Objectives: This study aims to determine if aligned, short-fiber composites are capable of producing Fraunhofer diffraction patterns similar to those of human enamel sections and to validate the mechanism of diffraction by comparing the experimental and theoretical fiber spacings.
Methods: Rectangular composite specimens were filled with short E-glass fibers (120 microm length, 15 microm diameter) to contents of 1, 5, 10, and 25% (vol%). The fibers were oriented perpendicular to the surface normal using an alternating electric field of 0.75 kV/mm. A He-Ne laser was used with thin slices of specimen placed behind a pinhole to produce diffraction patterns. The locations of the diffraction maxima were used to determine the theoretical slit spacings which were compared to the experimental slit spacings determined by microscopy.

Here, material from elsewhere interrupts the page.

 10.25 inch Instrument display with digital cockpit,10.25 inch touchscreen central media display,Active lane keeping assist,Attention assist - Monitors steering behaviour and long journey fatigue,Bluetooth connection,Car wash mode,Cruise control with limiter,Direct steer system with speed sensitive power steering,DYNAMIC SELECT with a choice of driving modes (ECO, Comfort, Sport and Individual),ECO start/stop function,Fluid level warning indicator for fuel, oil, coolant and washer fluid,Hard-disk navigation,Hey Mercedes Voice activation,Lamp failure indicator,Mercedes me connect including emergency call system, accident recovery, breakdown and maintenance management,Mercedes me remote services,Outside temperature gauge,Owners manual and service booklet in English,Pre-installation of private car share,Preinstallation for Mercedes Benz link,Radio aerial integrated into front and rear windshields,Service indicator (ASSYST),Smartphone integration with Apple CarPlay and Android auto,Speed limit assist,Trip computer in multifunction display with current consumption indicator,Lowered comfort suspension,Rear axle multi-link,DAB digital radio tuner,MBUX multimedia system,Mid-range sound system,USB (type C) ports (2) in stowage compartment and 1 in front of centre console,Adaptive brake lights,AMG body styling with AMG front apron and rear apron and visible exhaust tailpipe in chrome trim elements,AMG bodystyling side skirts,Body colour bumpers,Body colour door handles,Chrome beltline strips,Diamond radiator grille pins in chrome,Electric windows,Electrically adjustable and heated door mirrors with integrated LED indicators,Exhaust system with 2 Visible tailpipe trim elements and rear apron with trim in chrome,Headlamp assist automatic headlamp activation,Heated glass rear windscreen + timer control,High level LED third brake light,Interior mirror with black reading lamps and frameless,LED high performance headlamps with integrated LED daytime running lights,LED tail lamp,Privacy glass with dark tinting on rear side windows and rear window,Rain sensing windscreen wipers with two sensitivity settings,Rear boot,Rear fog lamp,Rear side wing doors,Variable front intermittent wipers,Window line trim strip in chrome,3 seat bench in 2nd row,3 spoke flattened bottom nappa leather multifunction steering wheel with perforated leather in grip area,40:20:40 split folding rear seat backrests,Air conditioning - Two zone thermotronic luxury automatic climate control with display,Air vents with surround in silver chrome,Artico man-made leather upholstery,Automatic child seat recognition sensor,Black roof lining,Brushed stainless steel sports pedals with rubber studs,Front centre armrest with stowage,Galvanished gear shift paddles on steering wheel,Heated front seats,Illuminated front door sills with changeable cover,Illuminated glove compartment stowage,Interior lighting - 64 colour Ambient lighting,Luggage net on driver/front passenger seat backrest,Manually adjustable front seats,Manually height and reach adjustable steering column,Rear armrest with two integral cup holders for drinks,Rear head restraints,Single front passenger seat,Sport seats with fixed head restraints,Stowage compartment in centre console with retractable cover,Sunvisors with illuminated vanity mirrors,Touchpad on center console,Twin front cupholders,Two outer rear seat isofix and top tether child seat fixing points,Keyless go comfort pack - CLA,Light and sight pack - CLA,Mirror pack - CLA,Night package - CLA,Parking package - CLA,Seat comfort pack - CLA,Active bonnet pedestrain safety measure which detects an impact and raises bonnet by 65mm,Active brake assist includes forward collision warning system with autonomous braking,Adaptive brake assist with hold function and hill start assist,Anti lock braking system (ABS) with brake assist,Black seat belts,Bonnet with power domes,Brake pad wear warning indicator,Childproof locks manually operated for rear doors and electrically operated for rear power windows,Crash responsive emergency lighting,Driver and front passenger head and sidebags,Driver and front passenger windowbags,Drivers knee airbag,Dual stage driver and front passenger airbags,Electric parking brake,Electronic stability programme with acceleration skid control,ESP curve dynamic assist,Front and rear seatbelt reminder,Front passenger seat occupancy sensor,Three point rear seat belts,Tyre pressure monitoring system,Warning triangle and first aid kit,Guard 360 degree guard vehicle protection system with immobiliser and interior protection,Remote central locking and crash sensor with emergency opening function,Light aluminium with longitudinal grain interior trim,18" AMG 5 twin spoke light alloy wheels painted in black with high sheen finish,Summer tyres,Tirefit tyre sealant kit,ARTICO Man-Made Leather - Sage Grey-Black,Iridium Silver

Results: The specimens produced diffraction patterns analogous to the theoretical Fraunhofer diffraction of light through multiple slits. This was verified by comparing the theoretical spacing of the fibers calculated from the diffraction pattern with the experimental spacing of the fibers determined from the optical micrographs.
Significance: This work has verified that orientation of short-fiber composites using an electric field can yield composites with sufficient order to produce Fraunhofer diffraction patterns that are qualitatively similar to the diffraction patterns of human enamel sections.